Source: Deep Learning on Medium

Go to the profile of Raushan

Learning sequences efficiently and effectively

Until recently the default choice for sequence modeling task was RNNs because of their great ability to capture temporal dependencies in sequential data. There are several variants of RNNs such as LSTM, GRU capable of capturing long term dependencies in sequences and have achieved state of art performances in seq2seq modeling tasks.

Recently, Deep Learning practitioners have been using a variation of Convolutional Neural Network architecture for the sequence modelling tasks, Temporal Convolutional Networks. This is a simple descriptive term to refer to a family of architectures.

Google DeepMind published a paper Pixel Recurrent Neural Network where the authors introduced the notion of using CNN as sequence model with fixed dependency range, by using masked convolutions. The idea was to convolve only on the elements from current timestamp or earlier in the previous layer. Google DeepMind published another paper Neural Machine Translation in Linear Time inspired from the above idea which achieved state-of -the-art performance on English-to-German translation task surpassing the recurrent networks with attentional pooling.

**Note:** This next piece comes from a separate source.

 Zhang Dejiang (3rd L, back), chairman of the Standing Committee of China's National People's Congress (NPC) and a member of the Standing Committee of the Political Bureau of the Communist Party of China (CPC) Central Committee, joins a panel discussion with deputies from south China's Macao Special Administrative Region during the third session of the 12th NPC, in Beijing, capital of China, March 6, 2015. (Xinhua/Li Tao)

The distinguishing characteristics of TCNs are:

  • The architecture can take a sequence of any length and map it to an output sequence of the same length, just as with an RNNs.
  • The convolutions in the architecture are causal, meaning that there is no information “leakage” from future to past.

To accomplish the first point, the TCN uses a 1D fully-convolutional network (FCN) architecture, where each hidden layer is the same length as the input layer, and zero padding of length (kernel size − 1) is added to keep subsequent layers the same length as previous ones. To achieve the second point, the TCN uses causal convolutions, convolutions where an output at time t is convolved only with elements from time t and earlier in the previous layer.

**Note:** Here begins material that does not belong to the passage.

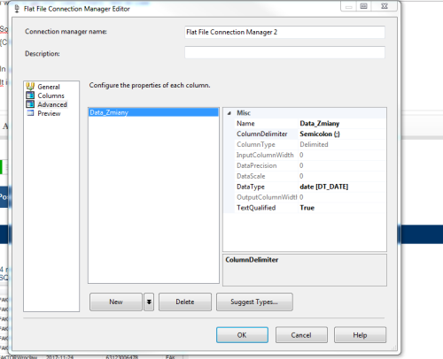 So I am deleting all fields, leaving only Data_Zmiany, changing string type to date and column delimeter is:

To put it simply: TCN= 1D FCN + causal convolutions

This basic architecture can look back at history with size linear in the depth of the network and the filter size. Hence, capturing long term dependencies becomes really challenging. One simple solution to overcome this problem is to use dilated convolutions.

Dilated Convolutions

For a 1-D sequence input x ∈ R^n and a filter f: {0,…,k-1} → R, the dilated convolution operation F on element s of the sequence is defined as:

Image from paper

In above formula the causal convolution criteria is also taken care of by using only non-negative values of i. It is evident that the normal convolution is nothing but a 1 dilated convolution. For more on dilated convolution you can refer to this blog.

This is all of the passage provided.